• _Work instruction_
Begin with the first line of the material and write out each line exactly, ending with the line that contains "Open Box, The". Pictures are not part of the copy.

• _Provided data_
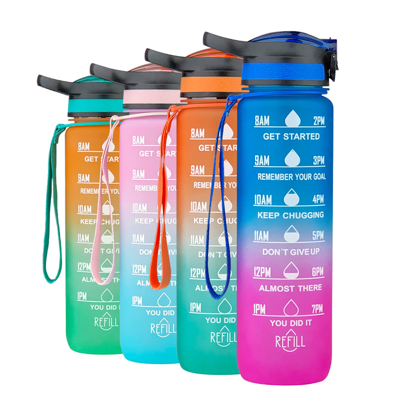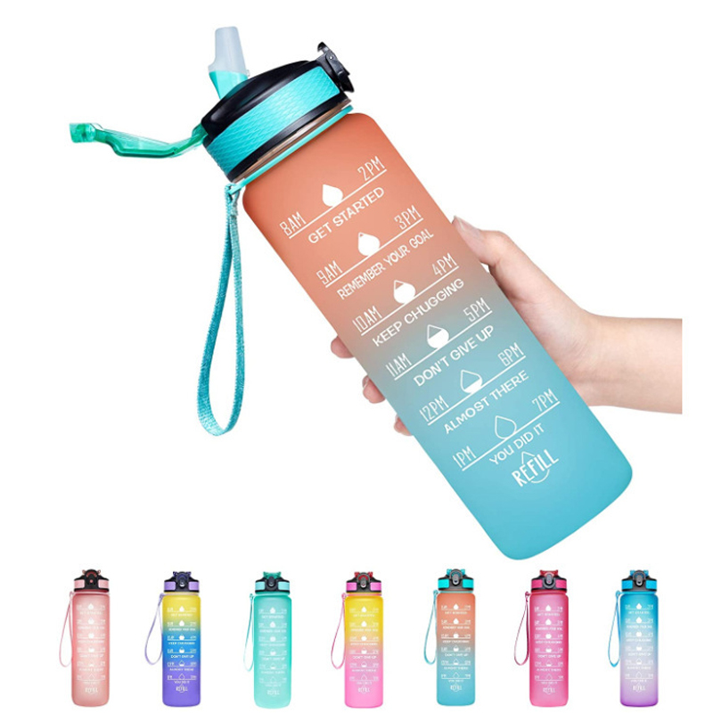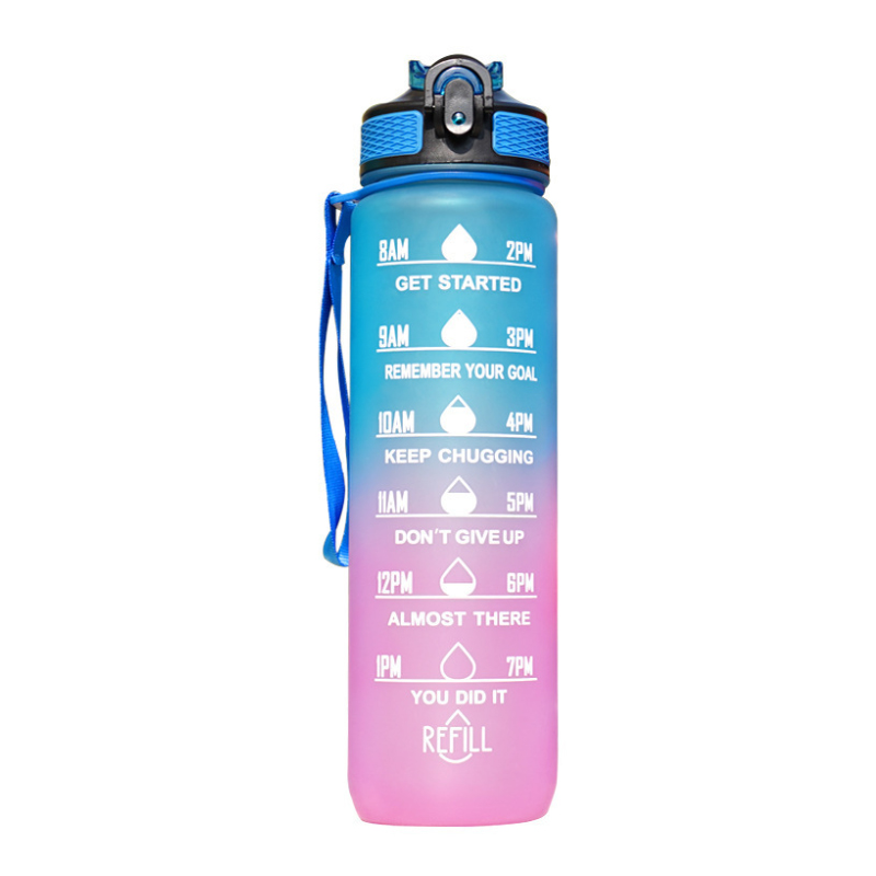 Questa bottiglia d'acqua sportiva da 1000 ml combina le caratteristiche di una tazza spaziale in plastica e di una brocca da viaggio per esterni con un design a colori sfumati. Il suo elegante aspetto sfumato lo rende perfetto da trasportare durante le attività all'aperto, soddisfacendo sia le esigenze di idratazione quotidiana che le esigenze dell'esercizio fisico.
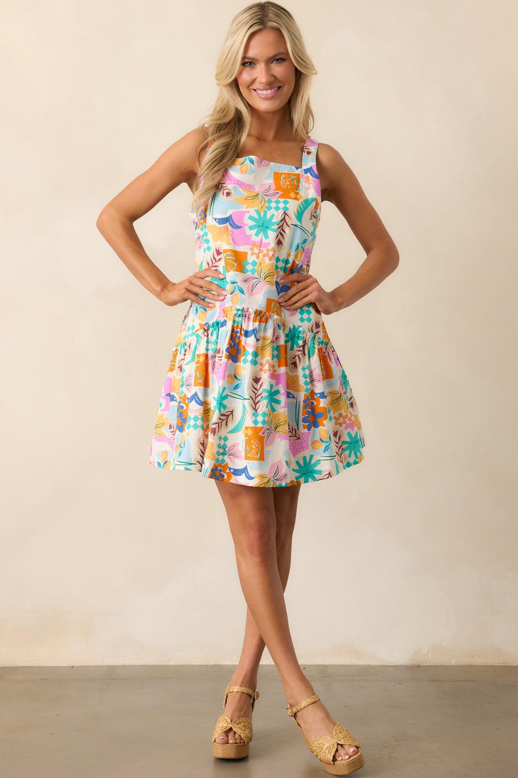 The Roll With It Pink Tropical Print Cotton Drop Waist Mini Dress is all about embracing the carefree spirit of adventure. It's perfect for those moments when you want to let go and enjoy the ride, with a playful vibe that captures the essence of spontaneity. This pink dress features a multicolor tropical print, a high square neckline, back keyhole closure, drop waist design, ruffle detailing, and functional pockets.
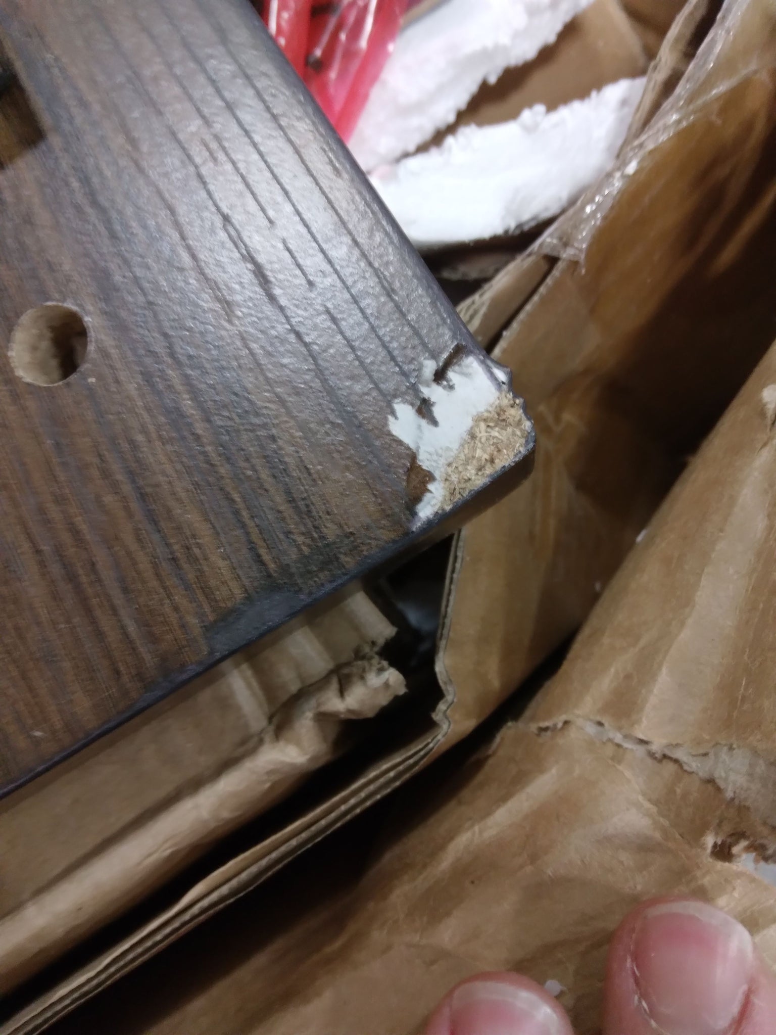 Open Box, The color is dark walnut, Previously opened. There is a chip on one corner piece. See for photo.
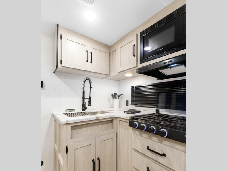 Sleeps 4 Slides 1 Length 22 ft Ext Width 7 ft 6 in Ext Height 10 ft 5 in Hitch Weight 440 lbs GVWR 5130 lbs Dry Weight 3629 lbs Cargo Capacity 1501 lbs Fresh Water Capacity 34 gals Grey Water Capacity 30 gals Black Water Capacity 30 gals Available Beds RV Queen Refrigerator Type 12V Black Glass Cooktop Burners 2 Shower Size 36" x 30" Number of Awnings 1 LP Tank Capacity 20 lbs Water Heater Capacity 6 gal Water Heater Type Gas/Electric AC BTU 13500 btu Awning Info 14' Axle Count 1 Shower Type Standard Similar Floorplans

• _Answer to the exercise_
 Questa bottiglia d'acqua sportiva da 1000 ml combina le caratteristiche di una tazza spaziale in plastica e di una brocca da viaggio per esterni con un design a colori sfumati. Il suo elegante aspetto sfumato lo rende perfetto da trasportare durante le attività all'aperto, soddisfacendo sia le esigenze di idratazione quotidiana che le esigenze dell'esercizio fisico.
 The Roll With It Pink Tropical Print Cotton Drop Waist Mini Dress is all about embracing the carefree spirit of adventure. It's perfect for those moments when you want to let go and enjoy the ride, with a playful vibe that captures the essence of spontaneity. This pink dress features a multicolor tropical print, a high square neckline, back keyhole closure, drop waist design, ruffle detailing, and functional pockets.
 Open Box, The color is dark walnut, Previously opened. There is a chip on one corner piece. See for photo.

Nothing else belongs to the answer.